═══ Data extract

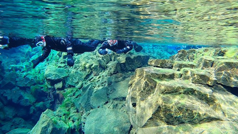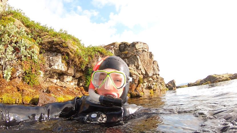 Die Silfra-Spalte ist durch das Auseinanderdriften der eurasischen und der nordamerikanischen Kontinentalplatte entstanden. Sie wird durch das Schmelzwasser des Langjökull Gletschers gespeist. Das Wasser wird über 50 km durch poröses Lavagestein gefiltert, ist glasklar und weitgehend ohne Schwebstoffe. Die Wassertemperatur beträgt 2 bis 4° Celsius. Man schnorchelt zwischen zwei Kontinenten. Wir sind die Schwebstoffe.
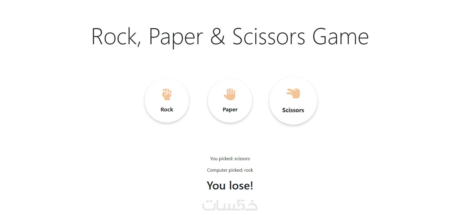 لعبة حجر ، ورقة، و مقص باستخدام : html,bootstap,css,js
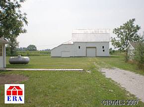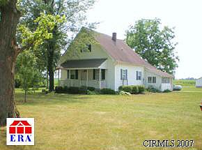 Private country living at its best! 2 Story home offers 3-bedrooms (possible 4) and separate utility room, spacious kitchen with breakfast nook and attached enclosed back porch, master bedroom on first floor, plenty of closet space throughout house, newer furnace and all new vinyl windows, detached garage with large barn for workshop, etc. Barn is clean and sturdy. Situated on over 2 acres with beautiful mature trees, landscaping and cornfield all around. Just sit on the porch and enjoy the country air!

══════

Nothing but the lines from the first line of the listing above to the line containing "لعبة حجر ، ورقة،" should appear in the answer, each one exact and with no pictures.

 Die Silfra-Spalte ist durch das Auseinanderdriften der eurasischen und der nordamerikanischen Kontinentalplatte entstanden. Sie wird durch das Schmelzwasser des Langjökull Gletschers gespeist. Das Wasser wird über 50 km durch poröses Lavagestein gefiltert, ist glasklar und weitgehend ohne Schwebstoffe. Die Wassertemperatur beträgt 2 bis 4° Celsius. Man schnorchelt zwischen zwei Kontinenten. Wir sind die Schwebstoffe.
 لعبة حجر ، ورقة، و مقص باستخدام : html,bootstap,css,js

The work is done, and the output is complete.